You said "Gonzo, so your position is that Buddhists who do not believe in a god should be denied BSA membership"


You're trying to pin me down by saying that since Buddhists don't believe in "A" god, it appears as though Buddhists believe in the existence of many devas ---- See below.


I don't need to email anybody at national about anythng.


Pg 45 of the Boy Scout Handbook says in part:

... To do my duty to God

Your family and religious leaders teach you about God and the ways you can serve. You do your duty to God by following the wisdom of those teachings every day and by respecting and defending the rights of others to practice their own beliefs.


Pg 54 of the Boy Scout Handbook says in part:

A scout is reverent. A Scout is reverent toward God. He is faithful in his religious duties. He respects the beliefs of others.
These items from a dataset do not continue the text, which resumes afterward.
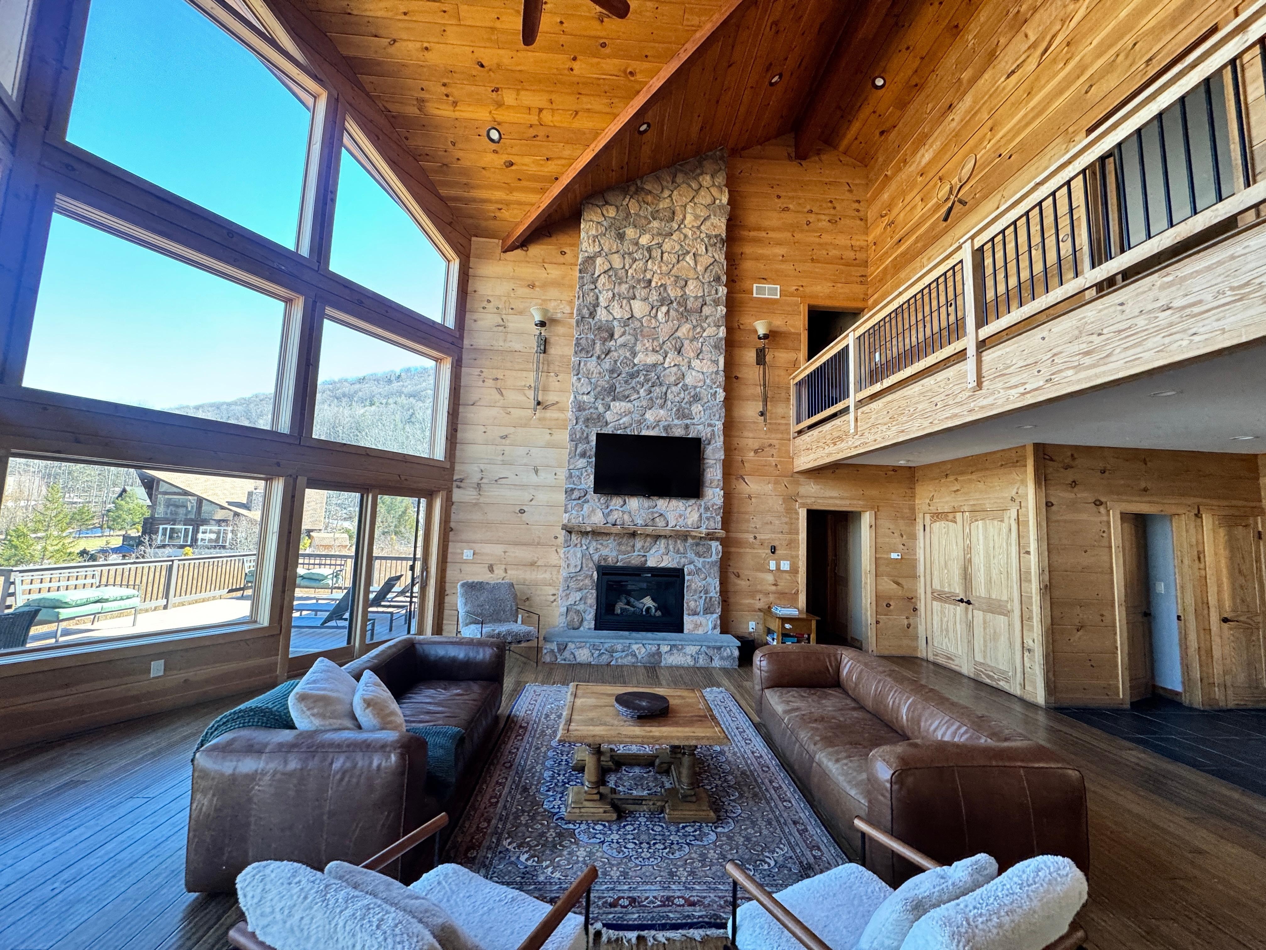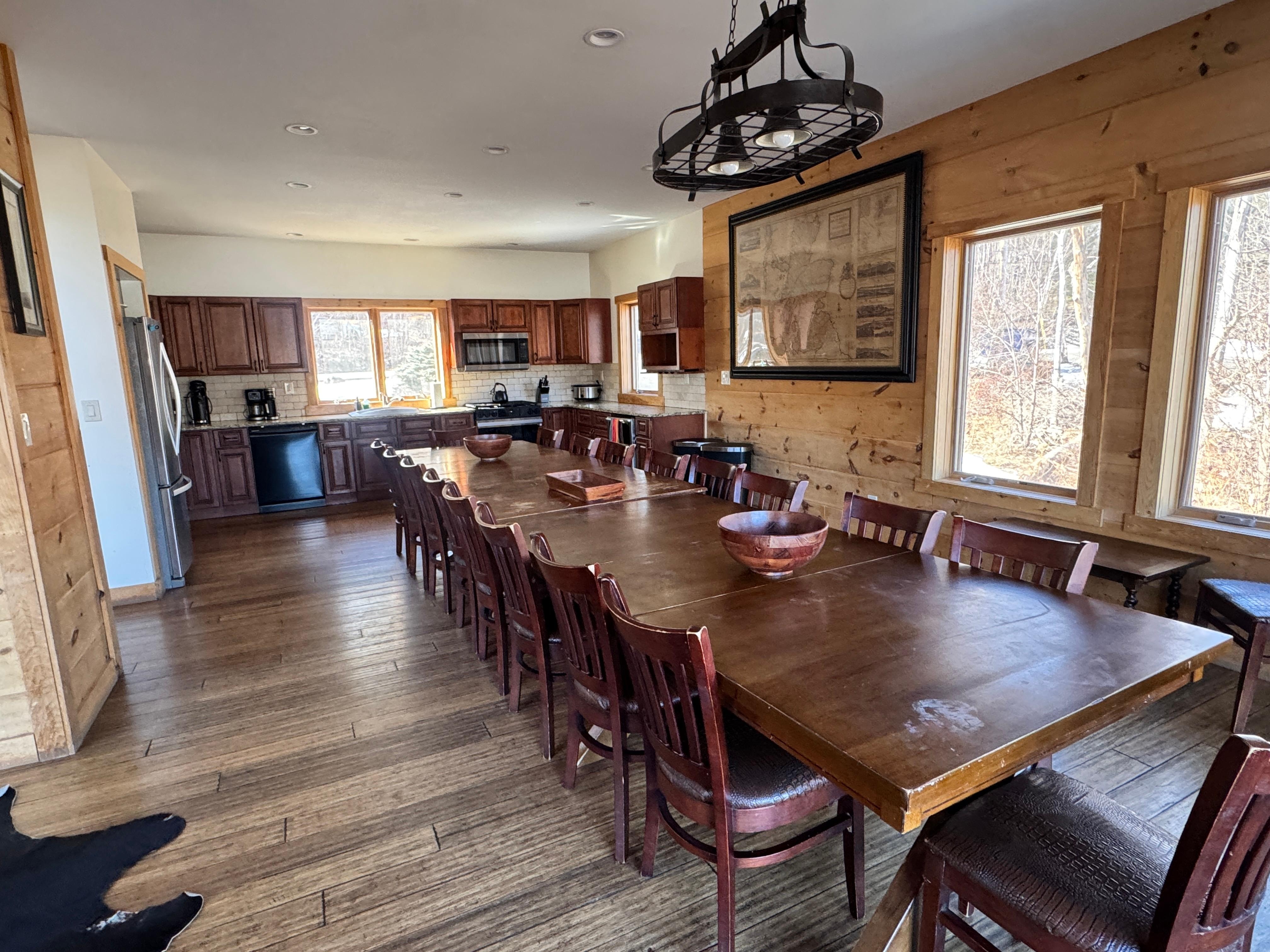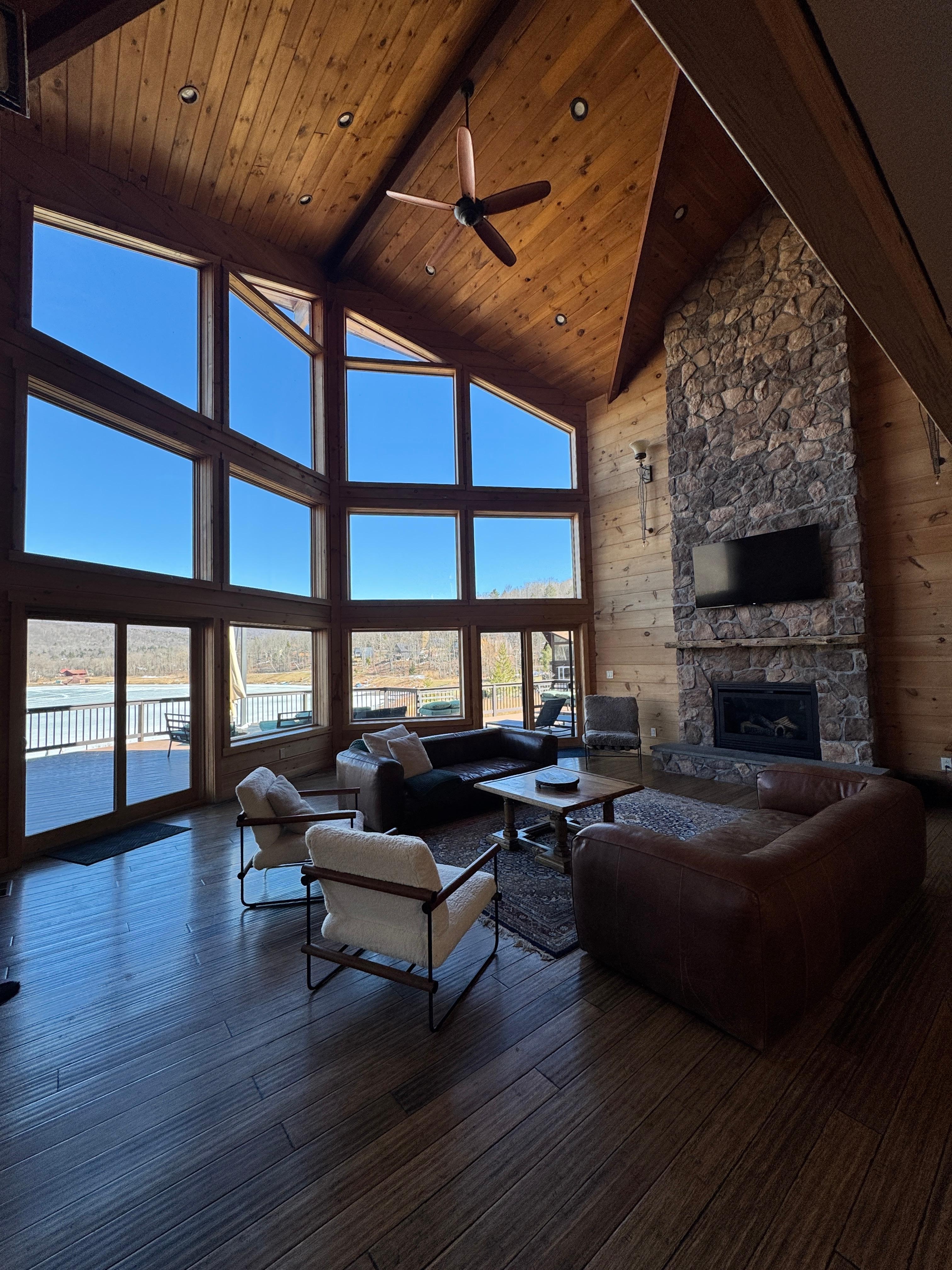 Our large family group of 23 (ages 2 to 71) had a wonderful time at the Hunter Chalet. The area is beautiful with lots to do for all ages. We found a lovely swimming hole in a nearby river, took lots of walks, went to several great restaurants for lunch. Our family loves to cook dinner together and enjoyed using the large and well stocked kitchen. The huge deck was full of comfortable furniture to encourage hanging together outside. The fire pit was used to make s’mores. The owner was quick to respond to any need/question we had. There are two huge washers and dryers which made it easy for us to keep up with laundry. The many bathrooms made for no waiting to shower. The lake was fun to canoe and kayak in, but not so great for swimming due to so many plants growing in the lake. We liked that there were not televisions in the bedrooms, which kept the family engaged together. In fact, we rarely used the large wall tv in the great room! The games in the basement kept people occupied on the rainy day and in the evenings. We can’t say enough about the beauty of nature in the area. Note that there is only one refrigerator (plus a small wine frig) and no working ice maker, so there may be several trips to stores for added supplies and bags of ice if you like to cook and like icy cold drinks. Other than that, we loved the space in this home and would definitely return there.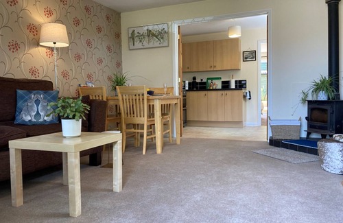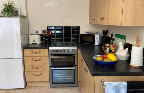 The kitchen is well equipped with cooker, dishwasher, fridge freezer and washing machine The sitting room has a dining table to seat four, a large sofa and a cosy log burning stove. A single sofa bed is available for a third person staying if required. Externally you have a spacious driveway with parking available right outside your front door, whilst to the rear you have a private decking area with bike shed.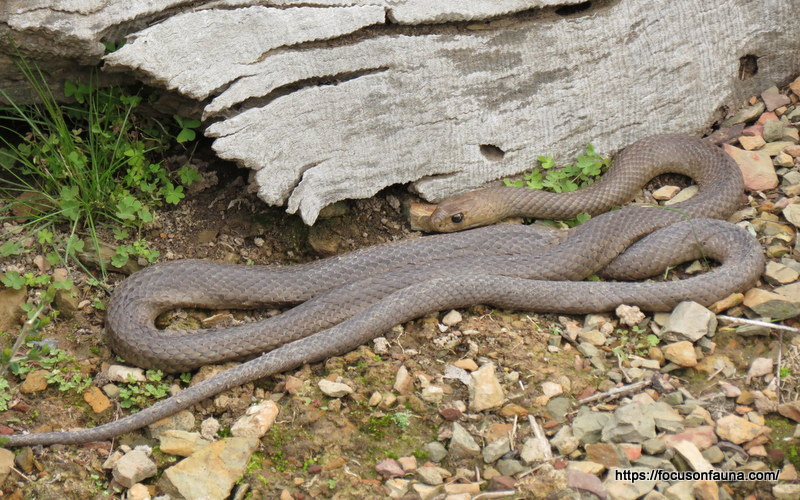 We are lucky enough to be living in Strath Creek during this pandemic so that when there is a break in the weather we can get outside to do some much-needed weeding in the garden. In the warmer months we keep a watchful eye out for wildlife, but in winter we tend not to be as aware, so that when one of the intrepid weeders took the next step to the left, it was a bit of surprise to see what was nearly underfoot – an Eastern (or Common) Brown Snake (Pseudonaja textilis), pictured below.
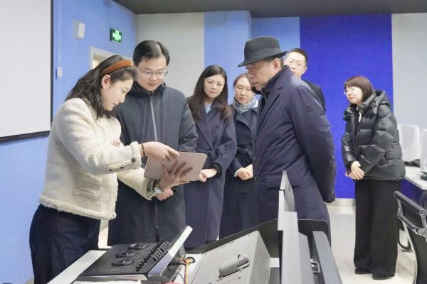 之后,潘峰行长一行先后走访了beat365图书馆、辽传剧场、文体馆、美术馆以及影视楼,详细参观了虚拟制片工场、实景演播厅、对白录音棚、动漫wacom实训室等一流的实习实训设施,观看师生情景式教学实训。潘峰行长对beat365在实训设施建设上的大力投入及“项目教学”“展赛演播”的创新育人模式赞不绝口,由衷的感慨:“在辽传上学的学生真是幸福!”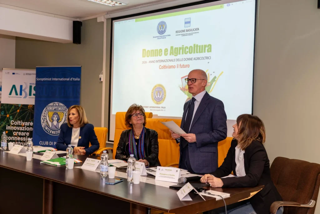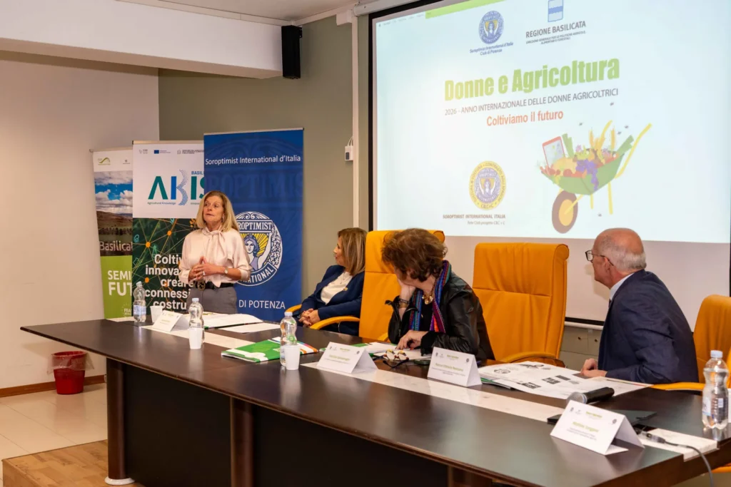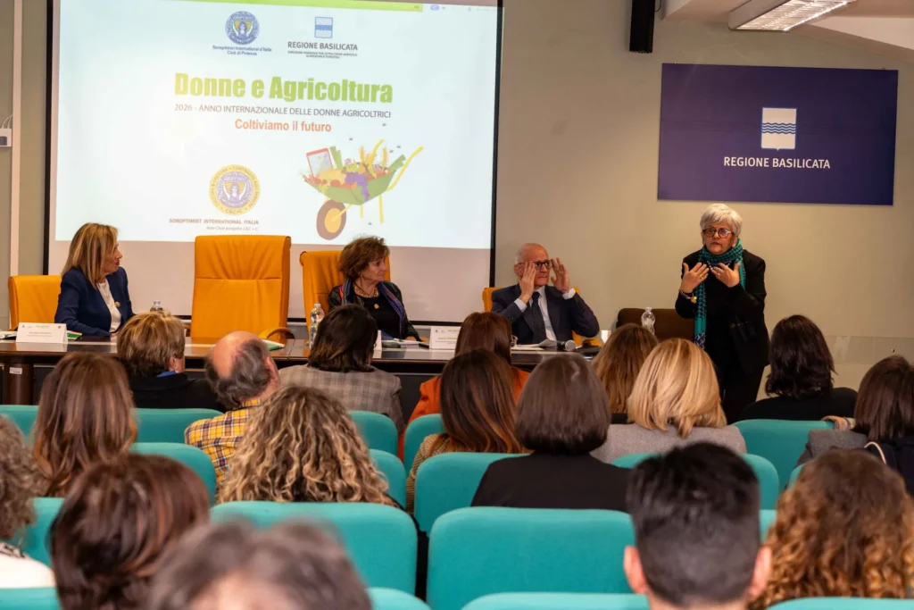 Potenza, 18 dicembre 2025 – La Sala Basento della Regione Basilicata ha ospitato l’incontro Donne e Agricoltura. Coltiviamo il futuro, promosso dal Soroptimist Club Potenza in collaborazione con la Direzione Generale per le Politiche Agricole, Alimentari e Forestali della Regione Basilicata, nell’ambito del progetto di rete C&C + C del Soroptimist International d’Italia, in vista del 2026 – Anno Internazionale delle Donne Agricoltrici.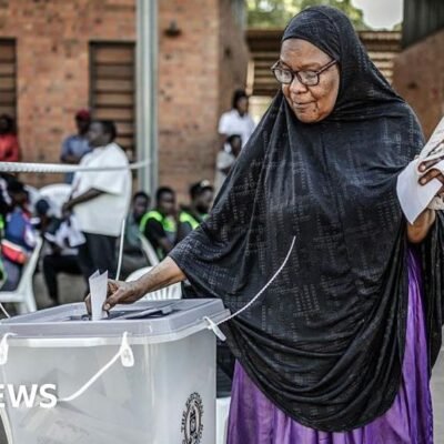 Sammy Awami,BBC Africa, Kampalaand Wycliffe Muia AFP via Getty Images More than 21 million Ugandans have registered to vote Polls have opened in Uganda’s presidential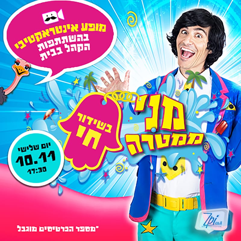 קומדי בר - מני ממטרה - תופעת הצחוק של המדינה ! להלן הפרטים על המופע מני ממטרה בזום: במופע בשידורי חי עם כל השירים, הקטעים המצחיקים והדמויות האהובות שף ממטר, מני יאנג ובתיה החברה הכי טובה של מני, וכל זה בשיתוף הקהל בבית ! מני יעלה אתכם לשידור ידבר אתכם, יצחיק אתכם ויעשה איתכם חיקויים חדשים ואולי אתם תביאו לו את הרעיון לחיקוי חדש למצעד החיקויים שלוש. בשידור תוכלו לדבר עם בתיה ותהיו חלק בקליפים ובשירים על המסך. מחיר כרטיס: 50 ש"ח .

A brief internet search of Buddhism reveals this:

Buddhism speaks of the existence of category of beings called devas. This term is generally translated as "gods" (with a simple `g' and in the plural). The term deva literally means a shining or radiant being, and describes their physical appearance rather than their supernatural powers (as the translation "gods" seems to imply).


So if a Buddhist believes in devas, he passes the belief test.


Someone who does not believe in God does not.

Either believe ------- or leave.


Now do you get it?


God or light, love, a leaf, awesome power, higher power, or whatever Trevorum thinks will pass the 'God' test, Bless America!


By the way, I hoe he can stay in scouts. Give the kid every opportunity, but if it's a dishonest attempt to circumvent the rules, I don't think so.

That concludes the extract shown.